[Excerpts from a dataset]
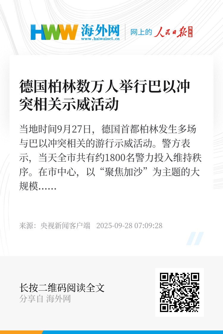 据悉,当晚在胜利纪念柱附近还将继续举行名为“聚焦加沙——停止种族灭绝”的声援集会,计划持续至22时,除政治发言外,还将包括音乐表演。(总台记者 阮佳闻)
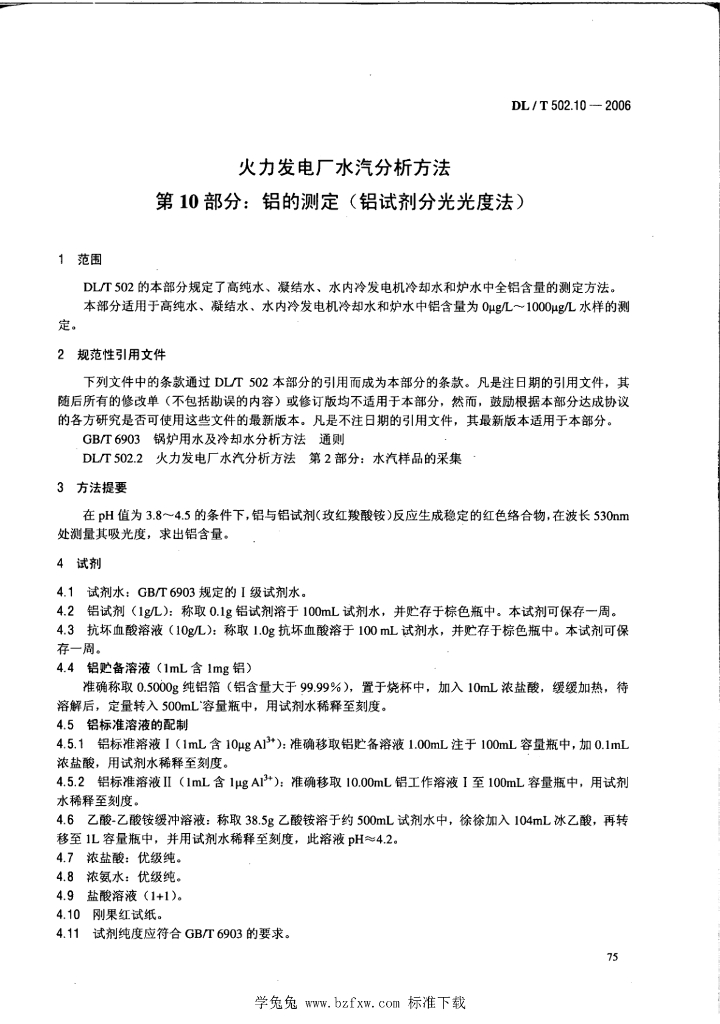 DL/T 502.10-2006 火力发电厂水汽分析方法 第10部分:铝的测定(铝试剂分光光度法)
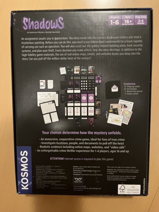 Kooperativna društvena igra "Masters of Crime: Shadows". Igra je u odličnom stanju - jednom odigrano, sve komponente su sačuvane i vraćene u početno stanje, karte su vraćene u originalni poredak.
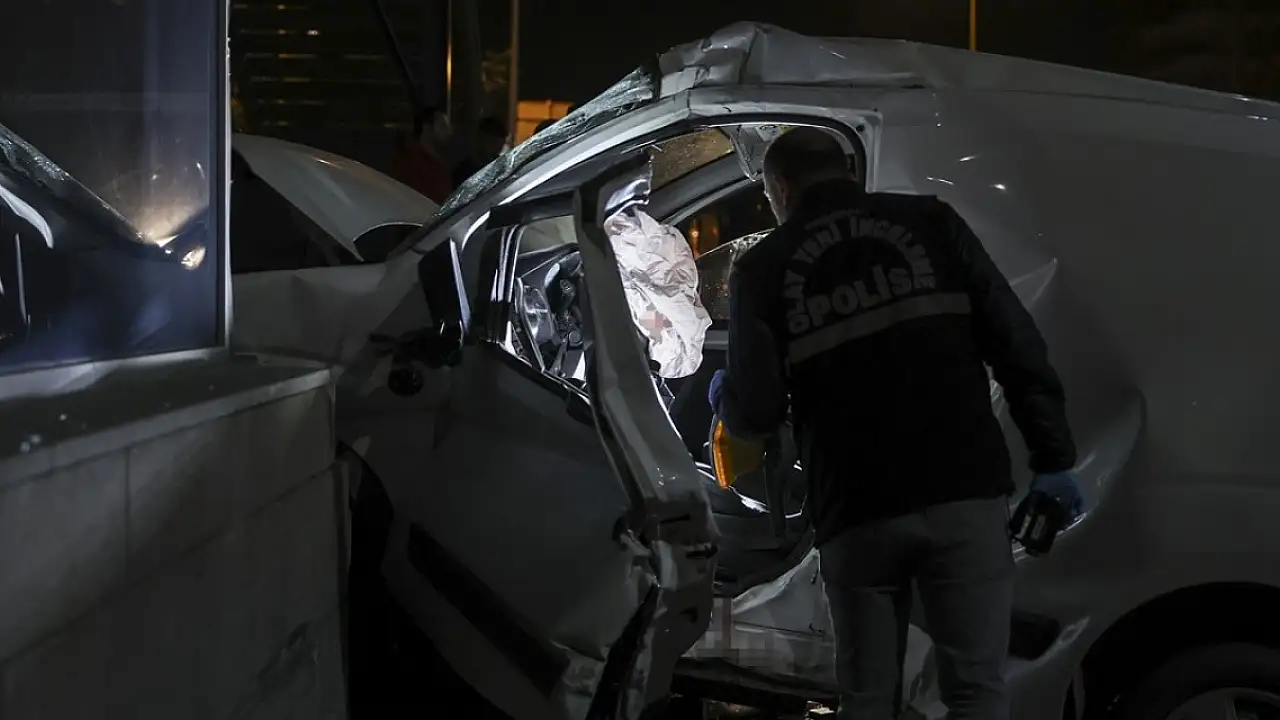 Hafif ticari aracın üst geçit ayağına çarpması sonucu 2 kişi hayatını kaybetti, 1 kişi ağır yaralandı.
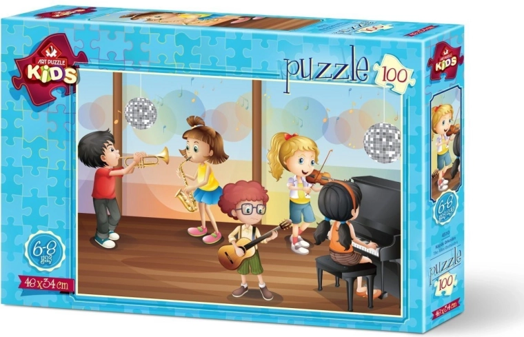 Een leuke puzzel met het thema van een kinderorkest die zowel jonge als oudere puzzelaars zal verrassen. Bevat 100 stukjes en heeft na het leggen een afmeting van ca. 48 × 34 cm. Ideaal voor het ontwikkelen van geduld, logisch denken en fijne motoriek en voor gezellige familiemomenten.
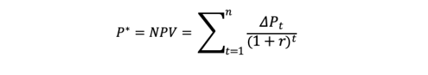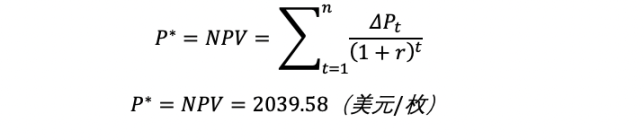 使用 10% 的贴现率,将每年价值增量 ΔPt 折现,得到所有未来“货币增值”的现值总和:

Your task: The lines from the start of the data through the line that contains "DL/T 502.10-2006 火力发电厂水汽分析方法" are to be returned exactly, please, with both ends included and every picture left out.

Solution to the exercise:
 据悉,当晚在胜利纪念柱附近还将继续举行名为“聚焦加沙——停止种族灭绝”的声援集会,计划持续至22时,除政治发言外,还将包括音乐表演。(总台记者 阮佳闻)
 DL/T 502.10-2006 火力发电厂水汽分析方法 第10部分:铝的测定(铝试剂分光光度法)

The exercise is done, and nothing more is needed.